Buffy and the Vampire Census
Clive has discovered this excellent paper (PDF) entitled “Ghosts, Vampires and Zombies, Cinema Fiction vs. Physics Reality”. In particular, he’s interested in the section about the viability of human and vampire populations.
The paper concludes that because when vampires kill humans they make new vampires, the human population of the planet would be eliminated in less than three years. I made a little chart of their data (click for a larger version):
I’m guessing that last couple of months would be very 28 Days Later.
Clive then goes on to speculate about how a vampire slayer (say, Buffy Summers) might manage the population the way we occasionally cull deer:
So the really sweet spot seems to be months eight to ten — when the vampire population would range from 128 to 512, respectively. Those seem like realistic numbers of vampires for a slayer to kill in a single month, assuming she kills 2 to 8 per night. With that kill-ratio, a slayer each month could kill enough vampires to knock the population back a month or two.
Clive says he’s not a Buffy fan. As such, he (and the researchers) understandably skips over some key factors in Buffy mythology.

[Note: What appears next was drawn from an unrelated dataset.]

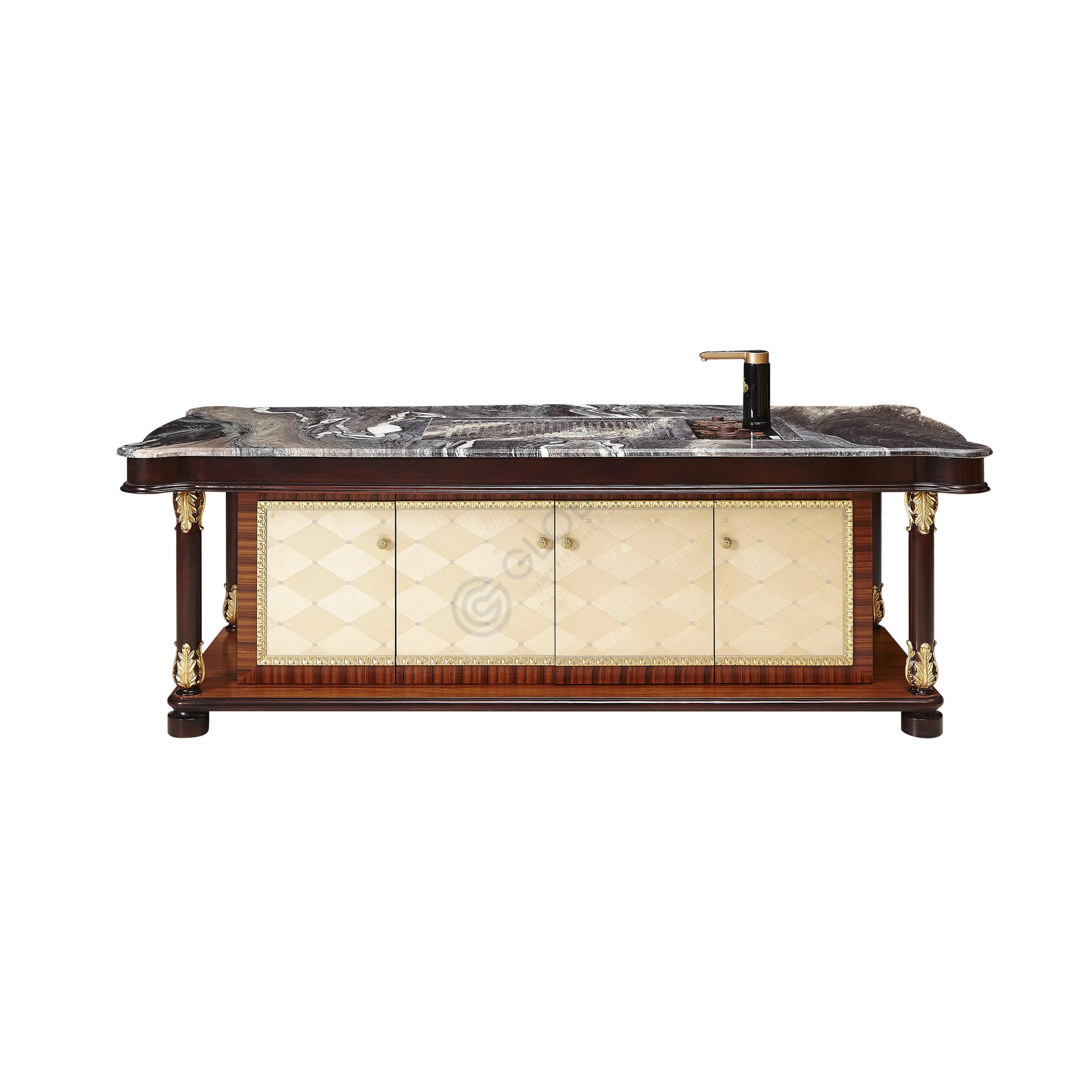 Материалы, использованные в конструкции, подчеркивают высокий статус изделия. Натуральное дерево в сочетании с искусно подобранным шпоном придает поверхности глубокий, насыщенный оттенок и уникальную текстуру. Применение патины добавляет винтажной благородности, выделяя детали и придавая шкафу вид антикварной реликвии с историей. Элементы из фанеры обеспечивают прочность и долговечность конструкции.

Let me see what I remember:
- Not all humans killed by vampires get turned. In fact, in most popular myths, it’s actually quite a rare occurrence. I’d guess the rate of new vampire to humans killed by vampires might be, I don’t know, 1 to 100.
- The researchers suggest that a vampire feeds once a month. In the world of Buffy, they seemed to eat a lot more often than that. As I recall, the only night they took off was Halloween.
- Buffy and her colleagues occasionally kill a whole schwack of vampires. At the current growth rate, she surely would have killed off 500 or so by the end of season two.
- In the show’s final episode, there are a crap load of vampires. Like, maybe, thousands? I don’t remember all that way.
I thought the obsessive stats at BuffyWorld might have helped, but they don’t have totals for every episode.